- _The data_:

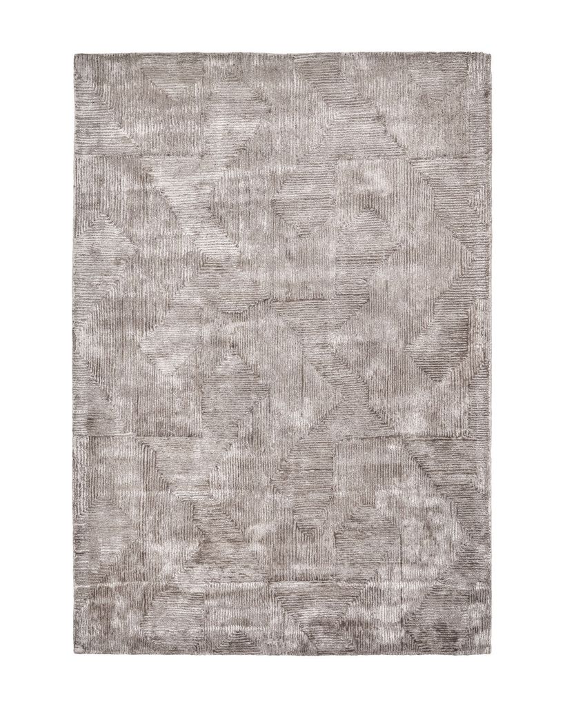 Denna sandfärgade matta med glansigt, grafiskt mönster ger en exklusiv och sofistikerad känsla till ditt hem.
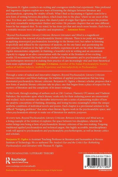 Through a series of radical and innovative chapters, Beyond Psychoanalytic Literary Criticism: Between Literature and Mind challenges the tradition of applied psychoanalysis that has long dominated psychoanalytic literary criticism. Benjamin H. Ogden, a literary scholar, proposes that a new form of analytic literary criticism take its place, one that begins from a place of respect for the mystery of literature and the complexity of its inner workings. In this book, through readings of authors such as J.M. Coetzee, Flannery O'Connor, and Vladimir Nabokov, the mysteries upon which literary works rely for their enduring power are enumerated and studied. Such mysteries are thereafter interwoven into a series of pioneering studies of how the conceptions of thinking, dreaming, and losing become meaningful within the unique aesthetic conditions of individual novels and poems. Each chapter is a provisional solution to the difficult "bridging problems" that arise when literary figures work in the psychoanalytic space, and when psychoanalysts attempt to make use of literature for analytic purposes. At every turn, Beyond Psychoanalytic Literary Criticism: Between Literature and Mind acts as a living example of the territory it explores: the space between two disciplines, wherein the writer brings into being a form of psychoanalytic literary criticism of his own making. Forgoing traditional applied psychoanalysis and technical jargon, this highly accessible, interdisciplinary work will appeal to psychoanalysts and psychoanalytic psychotherapists, as well as literary critics and scholars.
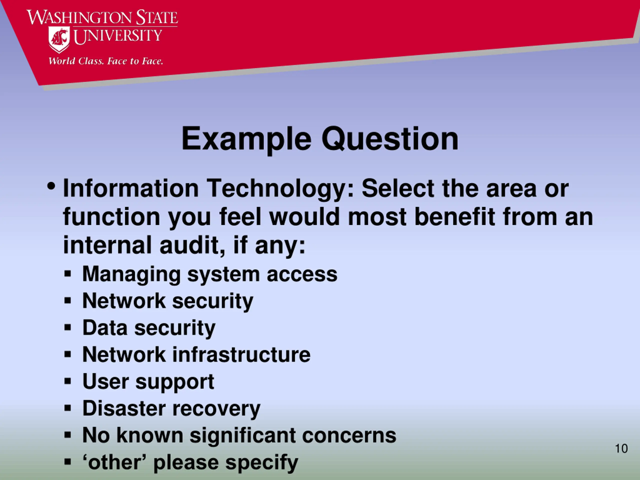 Example Question Information Technology: Select the area or function you feel would most benefit from an internal audit, if any: Managing system access Network security Data security Network infrastructure User support Disaster recovery No known significant concerns other please specify 10
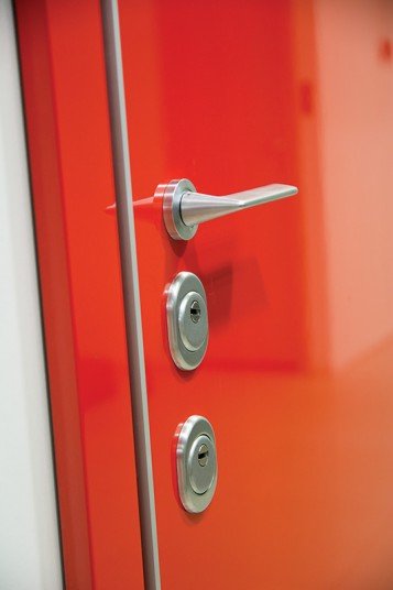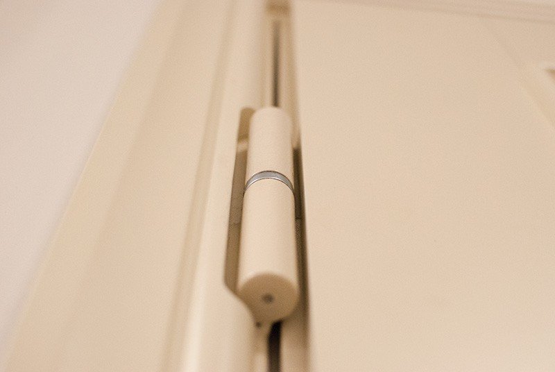 Имеется два антивандальных штыря в районе петель, а также интегрированная схема закрытия двери.

- _Problem description_:
Reproduce the listing exactly. The pictures are to be omitted.

- _Solution for this task_:
 Denna sandfärgade matta med glansigt, grafiskt mönster ger en exklusiv och sofistikerad känsla till ditt hem.
 Through a series of radical and innovative chapters, Beyond Psychoanalytic Literary Criticism: Between Literature and Mind challenges the tradition of applied psychoanalysis that has long dominated psychoanalytic literary criticism. Benjamin H. Ogden, a literary scholar, proposes that a new form of analytic literary criticism take its place, one that begins from a place of respect for the mystery of literature and the complexity of its inner workings. In this book, through readings of authors such as J.M. Coetzee, Flannery O'Connor, and Vladimir Nabokov, the mysteries upon which literary works rely for their enduring power are enumerated and studied. Such mysteries are thereafter interwoven into a series of pioneering studies of how the conceptions of thinking, dreaming, and losing become meaningful within the unique aesthetic conditions of individual novels and poems. Each chapter is a provisional solution to the difficult "bridging problems" that arise when literary figures work in the psychoanalytic space, and when psychoanalysts attempt to make use of literature for analytic purposes. At every turn, Beyond Psychoanalytic Literary Criticism: Between Literature and Mind acts as a living example of the territory it explores: the space between two disciplines, wherein the writer brings into being a form of psychoanalytic literary criticism of his own making. Forgoing traditional applied psychoanalysis and technical jargon, this highly accessible, interdisciplinary work will appeal to psychoanalysts and psychoanalytic psychotherapists, as well as literary critics and scholars.
 Example Question Information Technology: Select the area or function you feel would most benefit from an internal audit, if any: Managing system access Network security Data security Network infrastructure User support Disaster recovery No known significant concerns other please specify 10
 Имеется два антивандальных штыря в районе петель, а также интегрированная схема закрытия двери.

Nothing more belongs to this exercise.